— Extracted information —
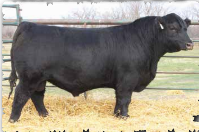
PEAK DOT ATTRACTIVE 574K - LOT 126
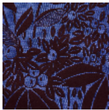
4241-01 VETIVER M1 - IRIS
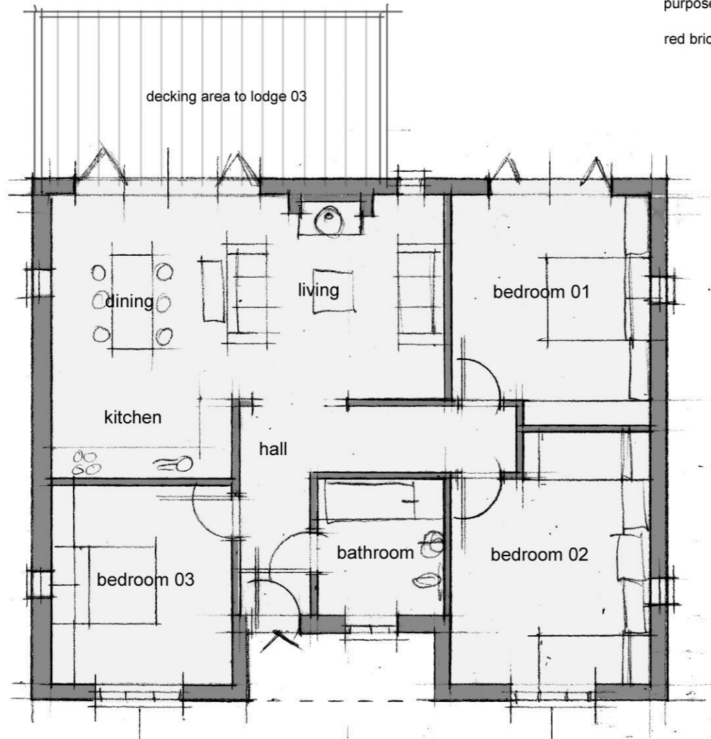
proposed floor plan 1:100
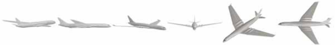
DVI-AirCon20_012 DVI-AirCon20_013 DVI-AirCon20_014 DVI-AirCon20_015 DVI-AirCon20_016 DVI-AirCon20_017
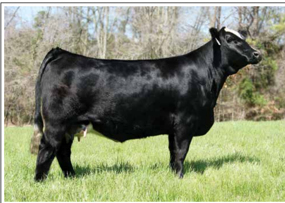
MISS CCF SHEZA LOOKER Dam of Lot 54

A direct daughter of the past National Champion Miss CCF Sheza Looker. One of the mainstay donors here at C&C Farms! The Relentless progeny are thriving throughout the country and are proving to not only be competitive show stock but the cattlemen's kind out in the field. She is raising a nice MR CCF The Duke bull calf at side. Lot 54A: MR CCF J358 (ASA: 4013153). Bull calf born 12/15/21 sired by MR CCF The Duke.
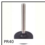
Articulated foot Ø40, Ø 40
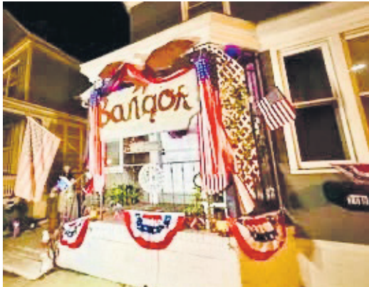
2nd Place Winner, 26 South 1st Street Prize $250 Gift certificate to ACE Hardware
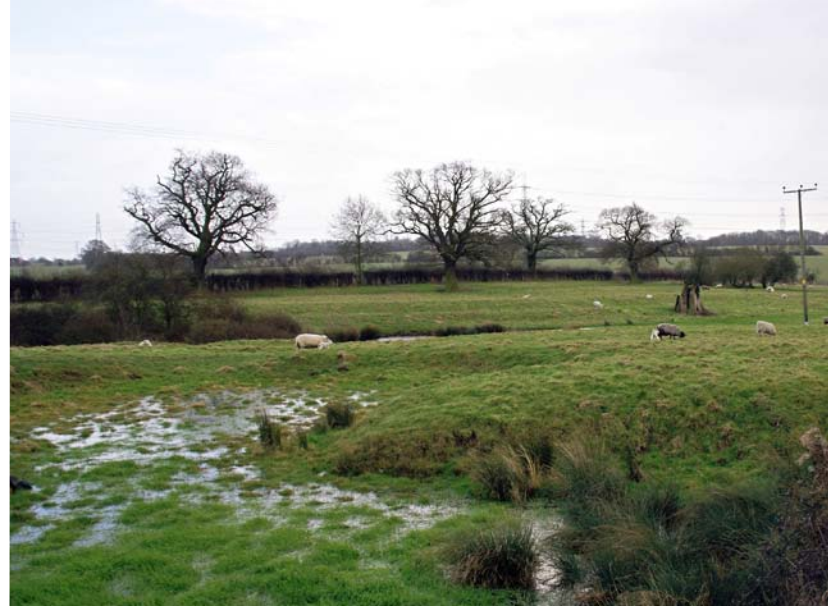
Ancient landscape, Kirby Hall Road.

The gardens constitute an integral and aesthetically pleasing part of the village landscape, which is at risk of being irrevocably spoiled and damaged by developments undertaken without due consideration for the environment.
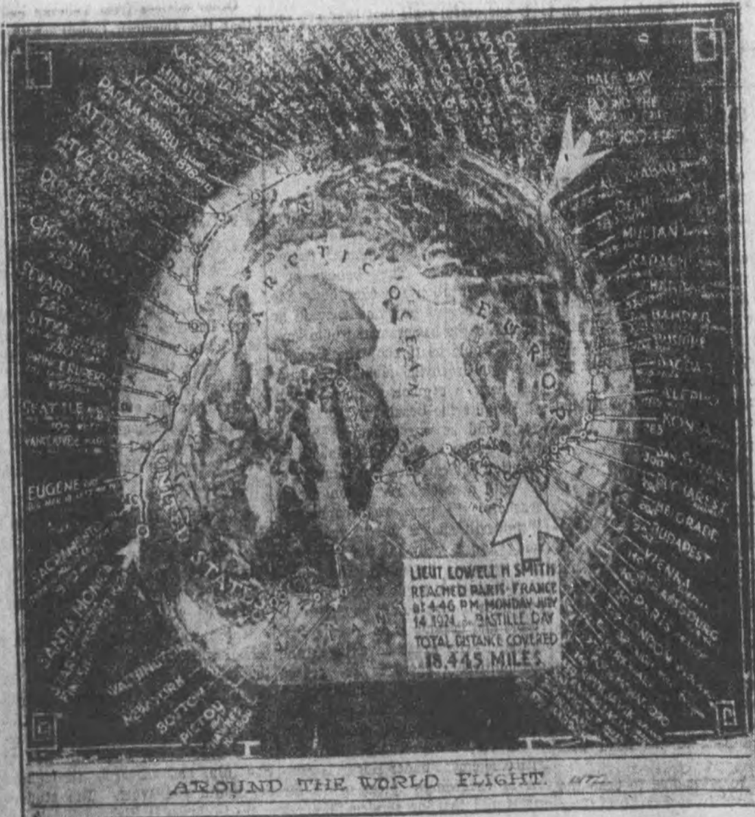
American army fliers who left Santa Monica, Cal., on March 17, are now preparing to hop off from Brough, near Hull, Eng., for the Orkney Islands for their flight across the Atlantic to Iceland, Greenland, and finally the main land of America in the first around-the-world flight. This map shows each "hop" of the intrepid fliers, together with the distance flown. The longest single flight was from Attu Island to Paramastury Island, in the Pacific, 578 miles.
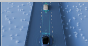
Adaptive Cruise Control Calibration
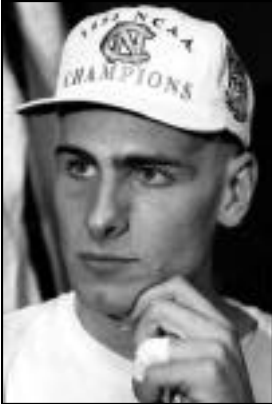
Eric Montross talks with the media after winning the 1993 national championship.
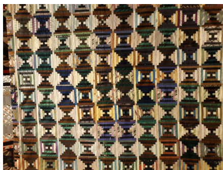
The Court House Quilt
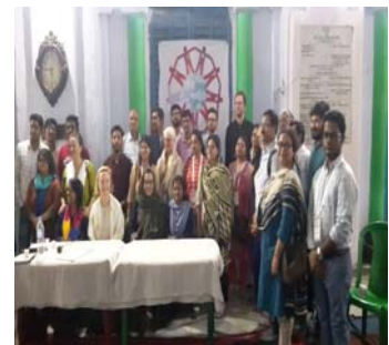
Participants interacting with students and activists from the locality
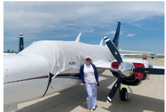
Piper PA-601 Aerostar
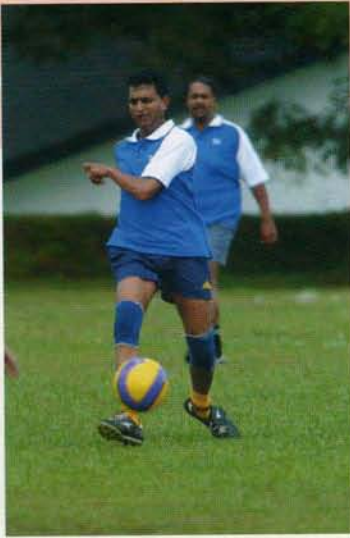
Mano sambas again
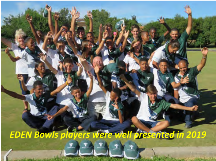
EDEN Bowls players were well presented in 2019
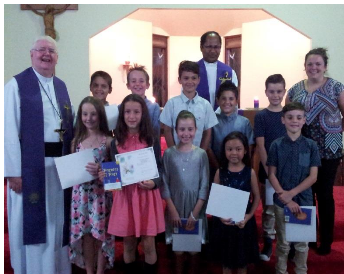
Our Grade 3 students after receiving the Sacrament of Reconciliation
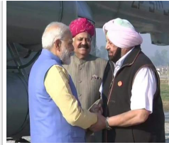
Prime Minister Mr. Narendra Modi Being Received By Punjab Governor Mr. VP Singh Badnore And Chief Minister Captain Amarinder Singh At Bussawal Village In Sultanpur Lodhi On Saturday.
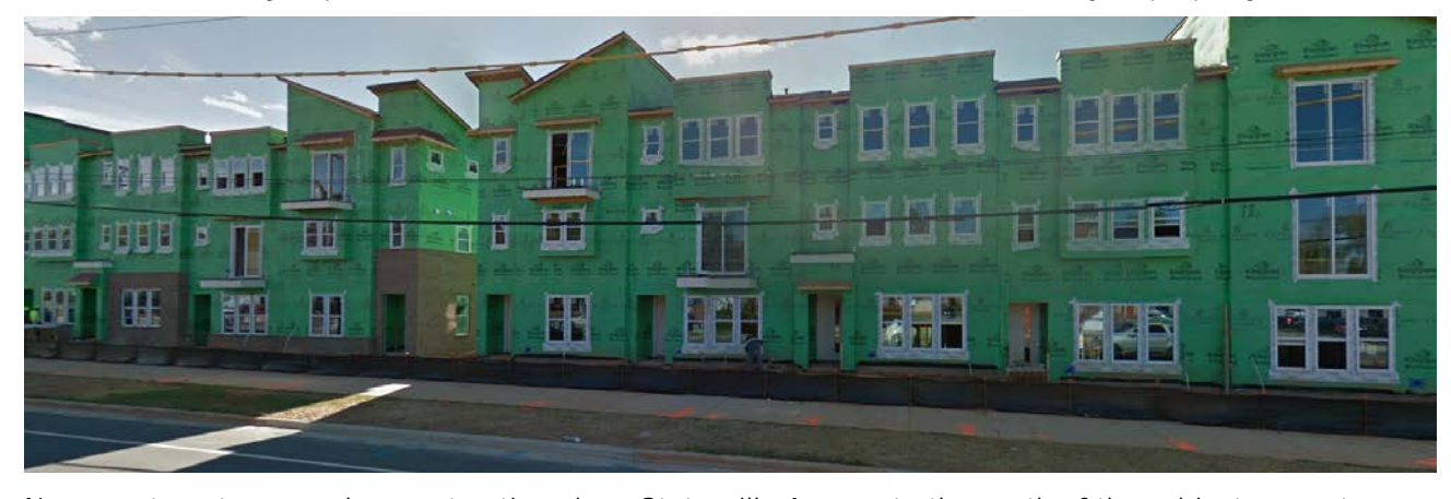
New apartments are under construction along Statesville Avenue to the south of the subject property.
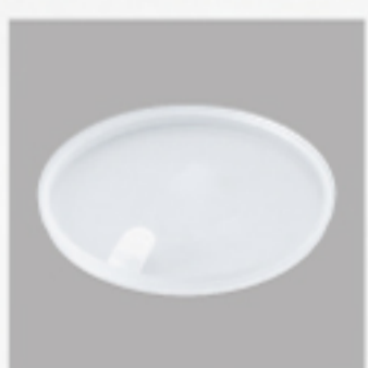
RUPIA-30 Inside lid (PE)
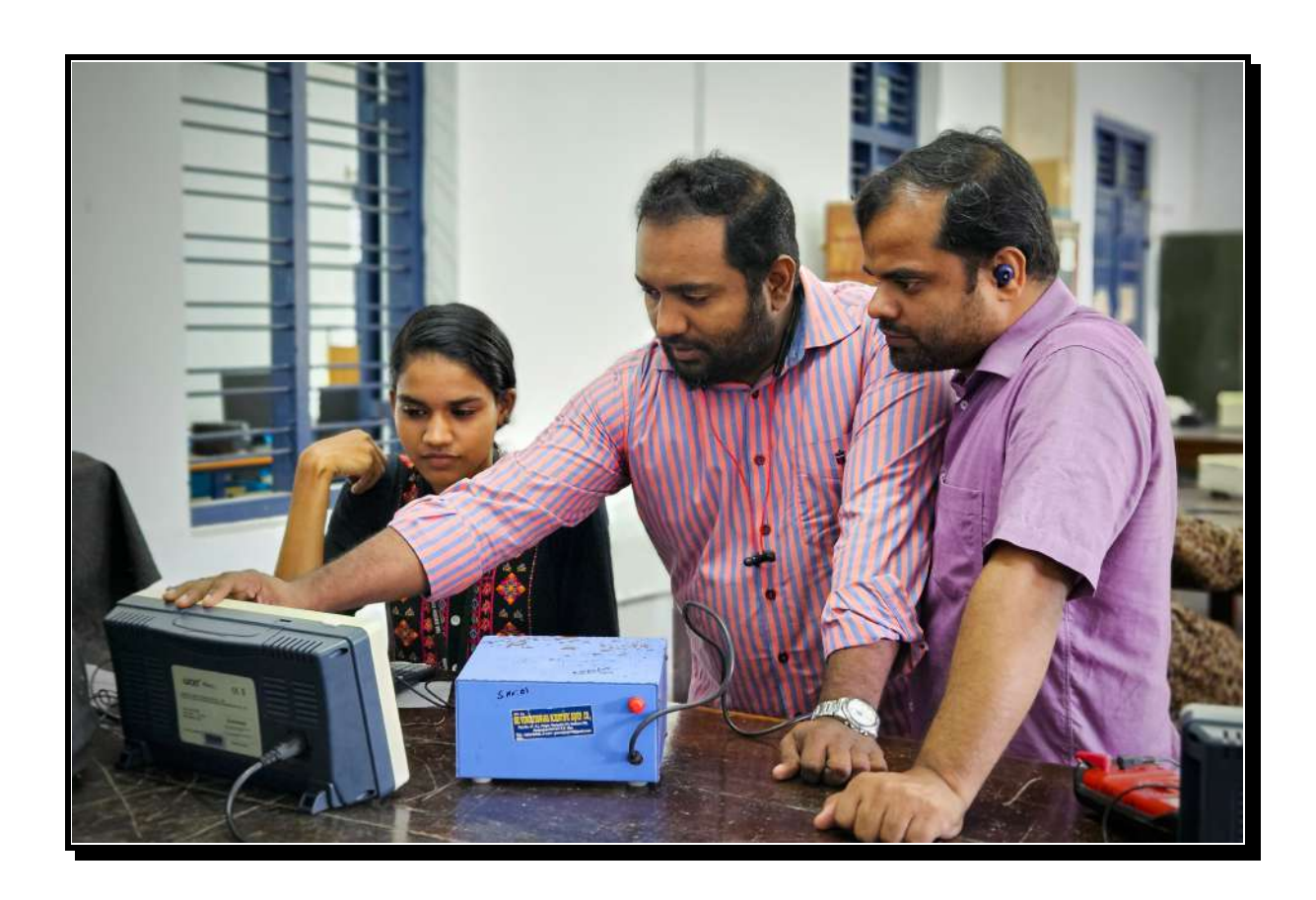
Figure 2: Teachers assisting in Post graduate Physics laboratory

— Task details —
Using the listing above, repeat word for word each line from the one with "proposed floor plan 1:100" down to the one with "MISS CCF SHEZA LOOKER Dam of Lot 54", both included. Omit all pictures.

— Exercise response —
proposed floor plan 1:100
DVI-AirCon20_012 DVI-AirCon20_013 DVI-AirCon20_014 DVI-AirCon20_015 DVI-AirCon20_016 DVI-AirCon20_017
MISS CCF SHEZA LOOKER Dam of Lot 54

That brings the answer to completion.